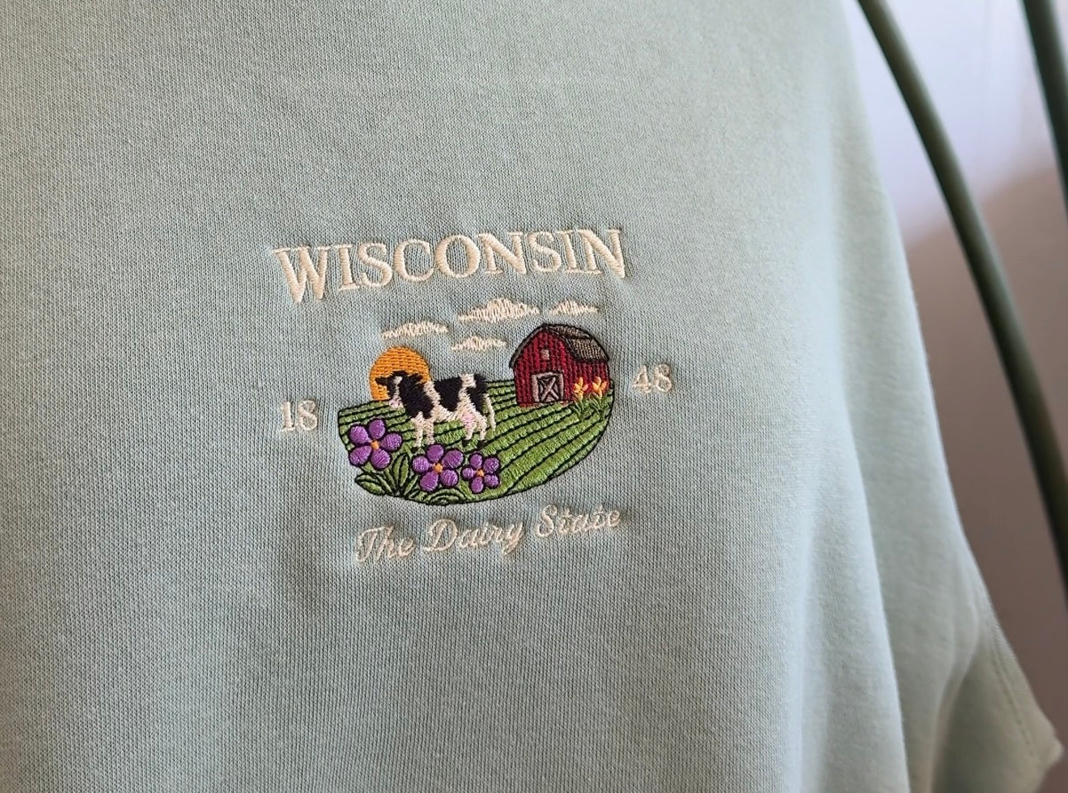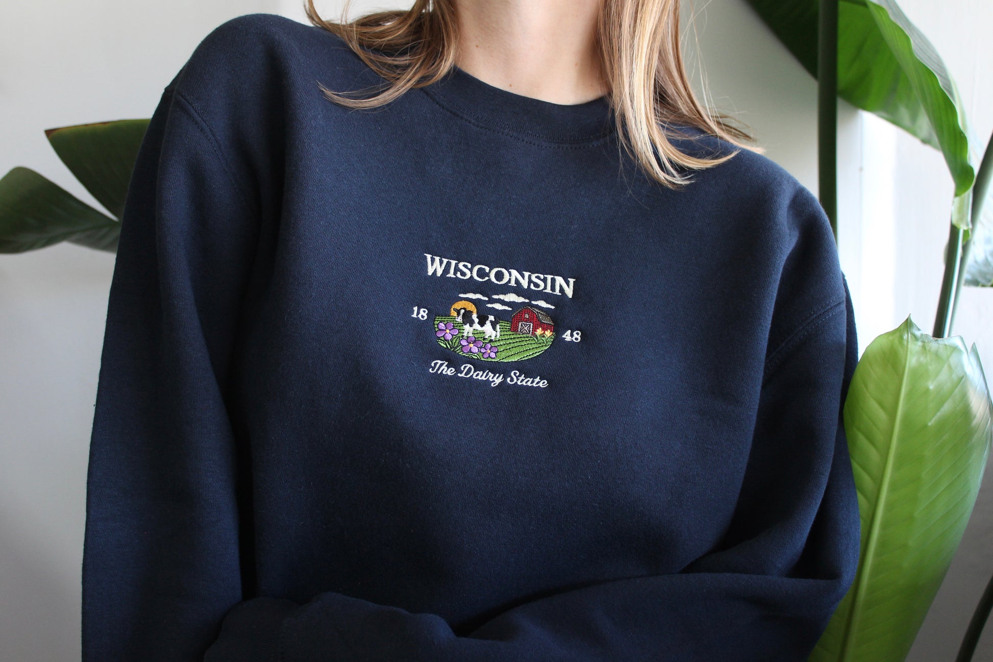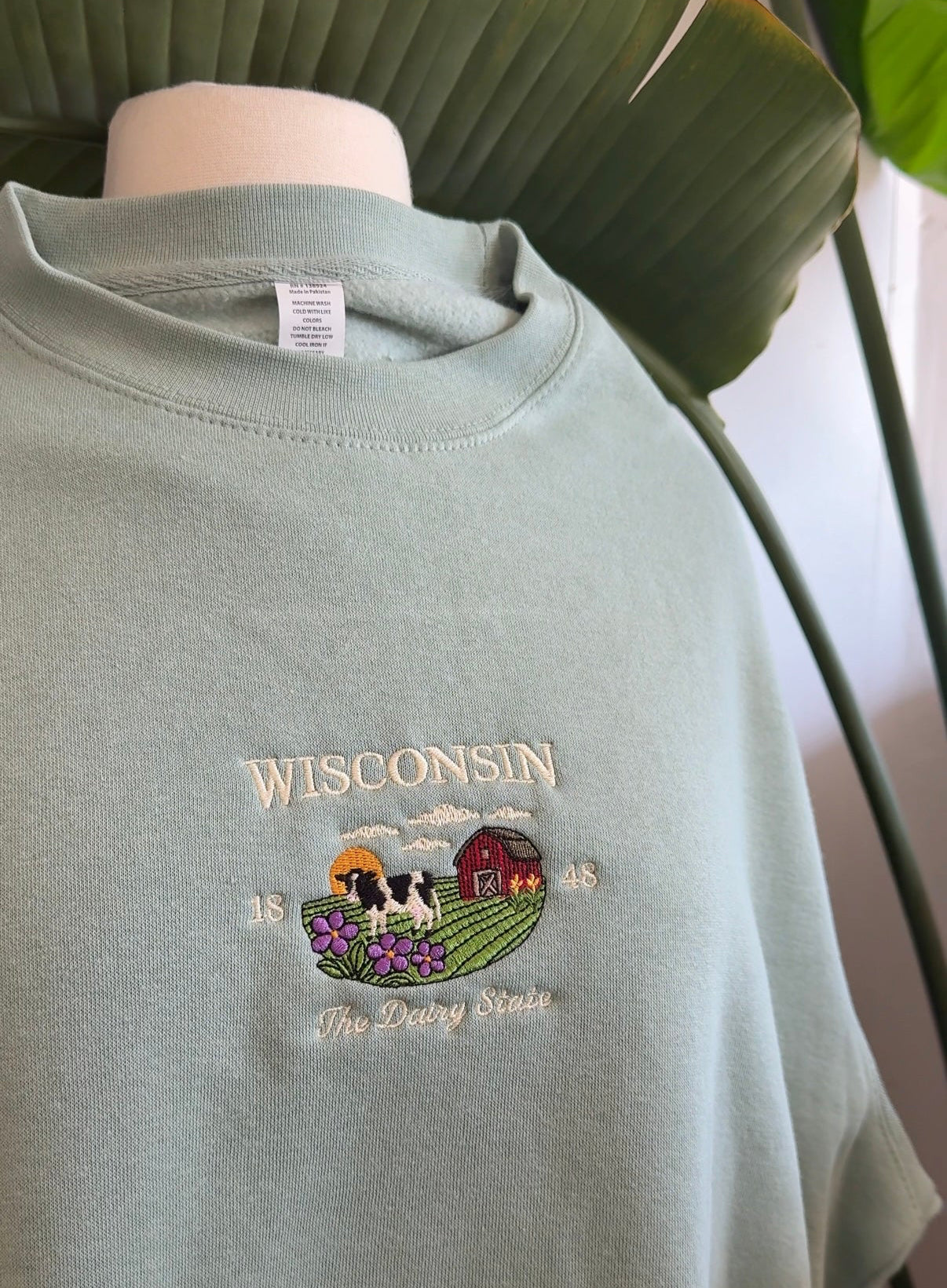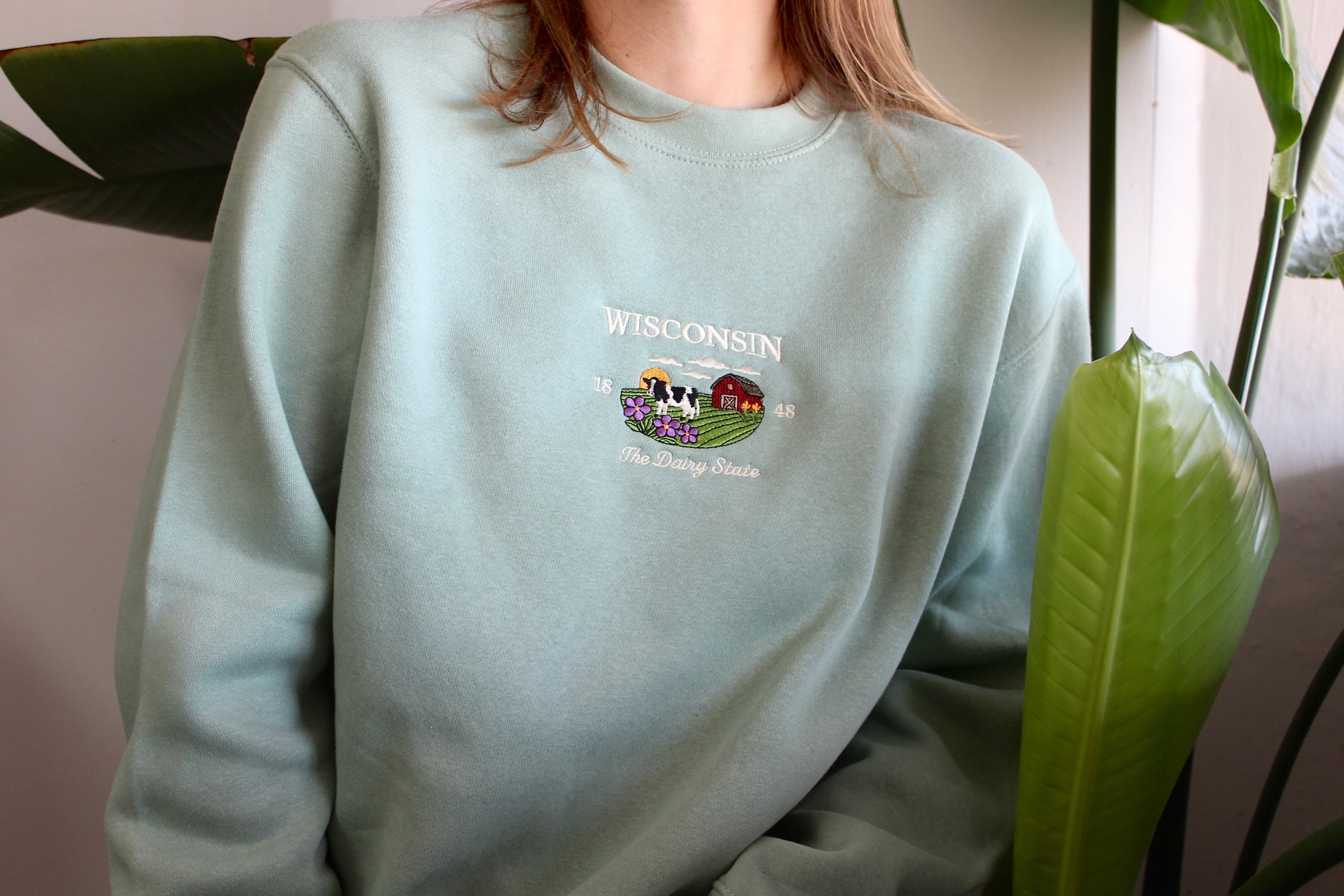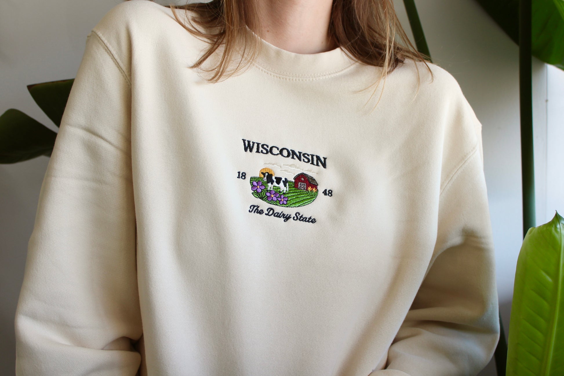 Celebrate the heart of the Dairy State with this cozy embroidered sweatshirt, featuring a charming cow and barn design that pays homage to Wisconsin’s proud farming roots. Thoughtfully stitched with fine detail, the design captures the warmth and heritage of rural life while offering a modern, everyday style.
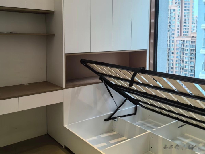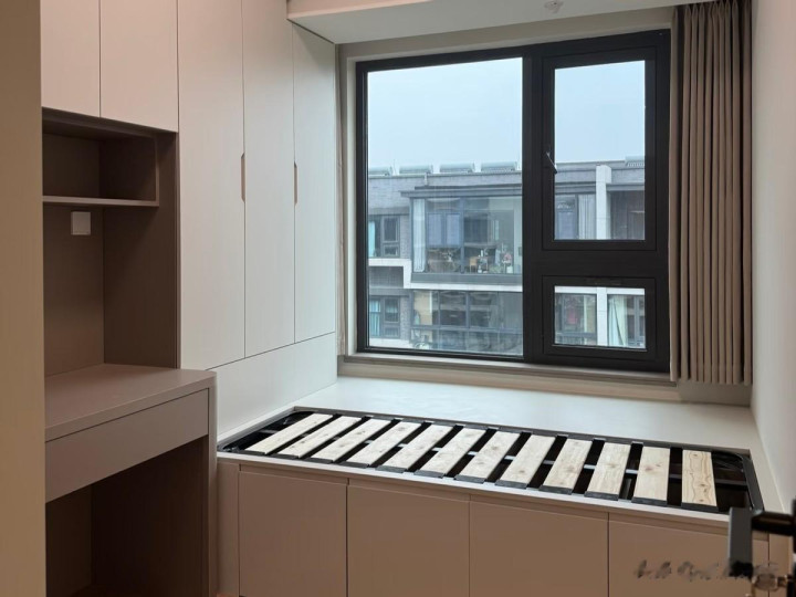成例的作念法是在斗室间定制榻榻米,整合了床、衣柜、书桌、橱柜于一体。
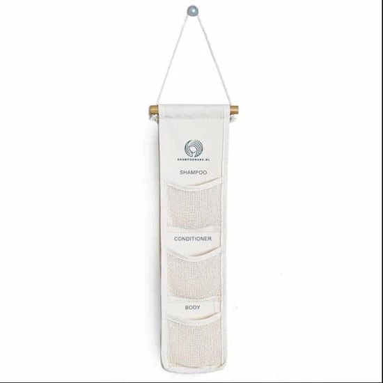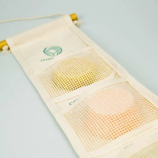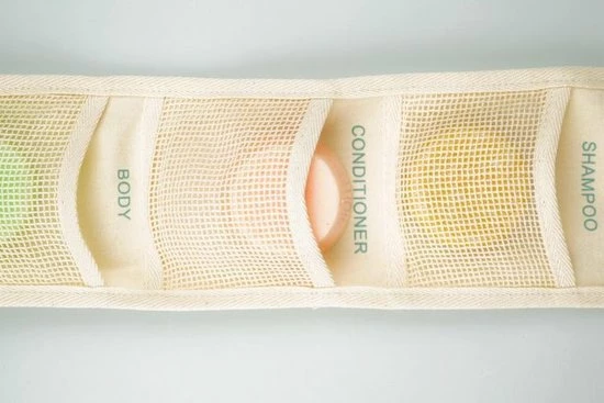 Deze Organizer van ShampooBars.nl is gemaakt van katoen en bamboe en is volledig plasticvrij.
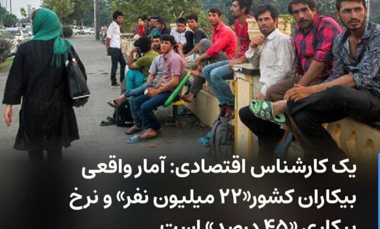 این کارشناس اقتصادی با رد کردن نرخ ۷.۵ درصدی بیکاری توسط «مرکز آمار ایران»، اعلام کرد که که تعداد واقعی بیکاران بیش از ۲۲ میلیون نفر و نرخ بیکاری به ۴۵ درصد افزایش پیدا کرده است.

++++++++++

§ **Work to be completed**:
Return a verbatim transcription of the data, omitting all images.

§ **Task result**:
 Celebrate the heart of the Dairy State with this cozy embroidered sweatshirt, featuring a charming cow and barn design that pays homage to Wisconsin’s proud farming roots. Thoughtfully stitched with fine detail, the design captures the warmth and heritage of rural life while offering a modern, everyday style.
成例的作念法是在斗室间定制榻榻米,整合了床、衣柜、书桌、橱柜于一体。
 Deze Organizer van ShampooBars.nl is gemaakt van katoen en bamboe en is volledig plasticvrij.
 این کارشناس اقتصادی با رد کردن نرخ ۷.۵ درصدی بیکاری توسط «مرکز آمار ایران»، اعلام کرد که که تعداد واقعی بیکاران بیش از ۲۲ میلیون نفر و نرخ بیکاری به ۴۵ درصد افزایش پیدا کرده است.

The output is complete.